Gálan e Curtis III (1991) concluíram em trabalho realizado com diferentes
sorotipos de Salmonella, incluindo Salmonella Enteritidis, que os sorotipos que não
28
possuíam o gene invA foram incapazes de expressar invABC e foram deficientes
para invadir células de mamíferos (Henle-407), indicando que o “operon” invABC
teve um papel importante na invasão em células epiteliais. O gene invA é o primeiro
no “operon”, onde os genes invA, -B e -C estão arranjados na mesma unidade
transcricional e o gene invD está localizado em uma unidade transcricional diferente
(GALÁN et al., 1992).
Galán e colaboradores (1992) conceituaram que a função do gene invA foi a
de aumentar a capacidade de invasão de Salmonella Typhimurium em células
epitelias. Os autores concluiram que ele foi essencial para a invasão fenotípica, pois
mutantes deste gene foram deficientes na invasão de células epiteliais,
demonstrando que a proteína InvA faz parte de uma família de proteínas, as quais
possuem a função de transportar proteínas específicas através da membrana
celular bacteriana.
Rahn e pesquisadores (1992) utilizaram o gene invA na reação da PCR, e
constataram que ele pode ser usado para diferenciar Salmonella sp. de outros
microorganismos, pois a seqüência de nucleotídeos contida neste gene estava
presente e era única para as 630 amostras Salmonella pertencentes a 100
diferentes sorotipos. Porém duas amostras de Salmonella Litchfield e duas de
Salmonella Sentfenberg foram negativas para a presença deste gene.

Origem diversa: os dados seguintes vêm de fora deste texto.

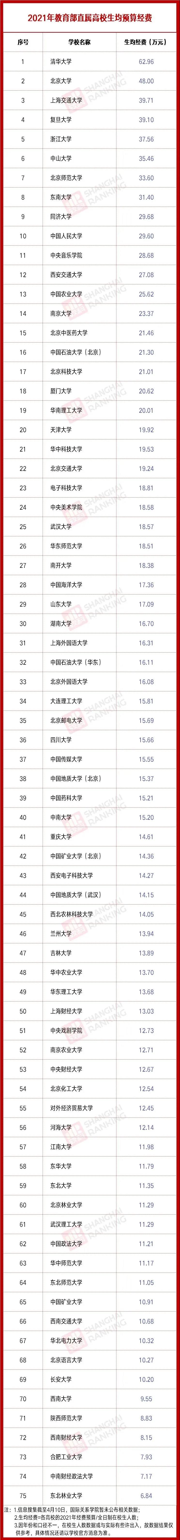 在這個排行榜里,生均經(jīng)費排名前三的是清華大學、北京大學和上海交通大學,不過最終也要看學校的人數(shù)多少,分攤下來再說多少。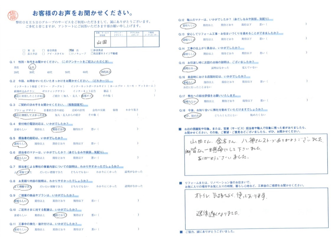お店の雰囲気や印象。または、営業(サービス)担当者や職人で印象に残った者がおりましたら、お聞かせください。その他、ご要望・ご意見などございましたら、ぜひ、お聞かせください。

Amostras de Salmonella Typhimurium mutantes para os genes invA e invG
diminuiram a capacidade destas amostras em invadir células MDCK (Madin-Darby
Canine Kidney) (CLARK et al., 1996). Porter e Curtis III (1997) realizaram mutações
nos genes invA, invB e invC de Salmonella Enteritidis e Salmonella Typhimurium e
constataram uma redução na virulência oral e na colonização da parede do íleo e
baço em pintinhos de um dia de vida. Eles também testaram estes mutantes
29
intraperitonealmente e não obtiveram efeito na virulência, suportando a idéia de que
Salmonella tenha múltiplos fatores de virulência, alguns dos quais funcionando em
nível de pós-invasão.
Um nível de regulação na invasão de células eucarióticas que não requer
síntese de proteínas e sim contato do organismo com a célula do hospedeiro foi
demontrado por Ginochio et al. (1994). O contato celular resultou em estruturas
supramoleculares na superfície da membrana celular de Salmonella Typhimurium,
as quais foram diferentes dos flagelos ou “pilli”. Os autores demonstraram que a
agregação, a perda ou retração dessas estruturas foi necessária para a
internalização da bactéria em cultura de células epiteliais, pois mutantes de
Salmonella deficientes na formação transitória dessas estruturas foram incapazes de
invadir as mesmas, demonstrando que estas estruturas tiveram um papel na
interação entre a bactéria e as células do organismo hospedeiro. Eles encontraram
dois fenótipos: o primeiro onde mutações nos genes invG e invC resultaram em
organismos que falharam na agregação dos apêndices, e o segundo no qual cepas
mutantes no invA e invE, resultaram em organismos que agregaram as estruturas,
porém falharam na hora de recolher ou desprender as mesmas em incubação com
células epiteliais. Mais de vinte proteínas do sistema de secreção tipo III codificado
pela SPI-1 fazem parte da formação dessas estruturas de superfície da membrana
celular, as quais são essenciais para invadir tanto células M quanto células epiteliais
(PLANO et al., 2001; ZHOU, GALÁN 2001). A proteína InvA faz parte do sistema
funcional de secreção tipo III (MECSAS, STRAUSS, 1996; PLANO et al., 2001)
Células M possuem um papel fundamental na patogenicidade de Salmonella
Typhimurium uma vez que durante os primeiros estágios da infecção, elas são o
primeiro local de invasão do intestino de camundongos e em testes realizados “in
30
vitro” (JONES et al., 1994; PENHEITER et al., 1997). Clark e colaboradores (1998)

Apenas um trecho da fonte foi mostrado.